In fact, Hileman sent me a tech demo of that very movement system for my own testing purposes, you can see some brief moments of that below.

You might notice a couple of fundamental tweaks that the folks at Enyx made to make the movement as accessible as possible. For starters, there is an acceleration mechanic in place when you start moving. At first, your steps are a bit slower, then you pick up the pace after you get going. That’s designed to mimic the movement you actually make when going from zero-to-walking.

Then as Hileman mentioned, things slow down significantly when you’re going up or down stairs. However, the most noticeable alteration I found was that, while walking in a straight line using the left analog stick, I can turn my head to look from side-to-side without disrupting my movement. Most VR games that use a gamepad would force you to steer and move in whatever direction your head faces, but A Haunting: Witching Hour lets your head react independently.

That’s the case of course unless you’re not moving at all.”If you are at a full stop and turn your head to look at something and then start to move,” said Hileman, “You move in that direction instead of the normal forward direction.”

It’s a surprisingly reactive movement system that seems able to adapt to a multitude of situations.
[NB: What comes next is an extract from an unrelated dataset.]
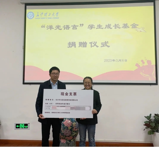 3月8日上午,教育基金会捐赠仪式在校友之家举行。长沙洋光语言教育科技有限公司向伟德教育基金会捐赠100万元,设立“洋光语言”学生成长专项基金。

Hileman says they’ve tested the mechanic on nearly a dozen people that have experienced significant VR sickness issues in the past and absolutely none of them have felt sick while playing A Haunting: Witching Hour. Whether that trend continues when the game is more widely available remains to be seen, but it certainly felt great from my perspective.

Prisoner_2

The demo for A Haunting: Witching Hour is expected to release in a few weeks with the full first episode debuting later this year. The game will be available for PC, both 2D and VR, and will support the HTC Vive and Oculus Rift. The team is also planning to release the game on PS4 with PS VR support – they’ve already gotten their dev kit – and will eventually add Xbox One support after the fact.

We’ll have more impressions once the full demo build is available for preview.